- **Data section**
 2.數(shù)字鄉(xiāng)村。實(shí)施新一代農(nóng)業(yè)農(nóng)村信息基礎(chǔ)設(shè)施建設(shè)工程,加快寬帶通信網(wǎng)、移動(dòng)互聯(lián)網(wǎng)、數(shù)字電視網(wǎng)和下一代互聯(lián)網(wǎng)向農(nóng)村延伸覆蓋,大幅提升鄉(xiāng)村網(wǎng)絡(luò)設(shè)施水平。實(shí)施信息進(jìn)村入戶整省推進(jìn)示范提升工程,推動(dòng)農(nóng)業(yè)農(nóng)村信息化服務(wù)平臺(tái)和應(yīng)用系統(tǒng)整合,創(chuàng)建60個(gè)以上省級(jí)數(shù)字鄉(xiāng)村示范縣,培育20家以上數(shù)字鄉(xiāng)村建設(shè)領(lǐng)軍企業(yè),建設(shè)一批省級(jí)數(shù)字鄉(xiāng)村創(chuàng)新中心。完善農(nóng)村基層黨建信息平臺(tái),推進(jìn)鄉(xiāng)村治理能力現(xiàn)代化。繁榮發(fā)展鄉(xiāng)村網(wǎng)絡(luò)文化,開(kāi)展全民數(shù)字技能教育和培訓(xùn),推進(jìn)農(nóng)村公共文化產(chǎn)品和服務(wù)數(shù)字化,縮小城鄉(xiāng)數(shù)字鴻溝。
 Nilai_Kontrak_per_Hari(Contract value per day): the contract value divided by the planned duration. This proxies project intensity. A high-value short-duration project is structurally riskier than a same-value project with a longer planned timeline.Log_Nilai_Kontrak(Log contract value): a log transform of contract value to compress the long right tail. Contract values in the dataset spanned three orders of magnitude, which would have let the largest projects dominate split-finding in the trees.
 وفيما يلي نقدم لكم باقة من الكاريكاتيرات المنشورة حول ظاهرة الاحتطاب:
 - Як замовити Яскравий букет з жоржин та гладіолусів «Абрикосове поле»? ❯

- **Problem details**
Line by line, copy the data above exactly as it reads.

- **Task result**
 2.數(shù)字鄉(xiāng)村。實(shí)施新一代農(nóng)業(yè)農(nóng)村信息基礎(chǔ)設(shè)施建設(shè)工程,加快寬帶通信網(wǎng)、移動(dòng)互聯(lián)網(wǎng)、數(shù)字電視網(wǎng)和下一代互聯(lián)網(wǎng)向農(nóng)村延伸覆蓋,大幅提升鄉(xiāng)村網(wǎng)絡(luò)設(shè)施水平。實(shí)施信息進(jìn)村入戶整省推進(jìn)示范提升工程,推動(dòng)農(nóng)業(yè)農(nóng)村信息化服務(wù)平臺(tái)和應(yīng)用系統(tǒng)整合,創(chuàng)建60個(gè)以上省級(jí)數(shù)字鄉(xiāng)村示范縣,培育20家以上數(shù)字鄉(xiāng)村建設(shè)領(lǐng)軍企業(yè),建設(shè)一批省級(jí)數(shù)字鄉(xiāng)村創(chuàng)新中心。完善農(nóng)村基層黨建信息平臺(tái),推進(jìn)鄉(xiāng)村治理能力現(xiàn)代化。繁榮發(fā)展鄉(xiāng)村網(wǎng)絡(luò)文化,開(kāi)展全民數(shù)字技能教育和培訓(xùn),推進(jìn)農(nóng)村公共文化產(chǎn)品和服務(wù)數(shù)字化,縮小城鄉(xiāng)數(shù)字鴻溝。
 Nilai_Kontrak_per_Hari(Contract value per day): the contract value divided by the planned duration. This proxies project intensity. A high-value short-duration project is structurally riskier than a same-value project with a longer planned timeline.Log_Nilai_Kontrak(Log contract value): a log transform of contract value to compress the long right tail. Contract values in the dataset spanned three orders of magnitude, which would have let the largest projects dominate split-finding in the trees.
 وفيما يلي نقدم لكم باقة من الكاريكاتيرات المنشورة حول ظاهرة الاحتطاب:
 - Як замовити Яскравий букет з жоржин та гладіолусів «Абрикосове поле»? ❯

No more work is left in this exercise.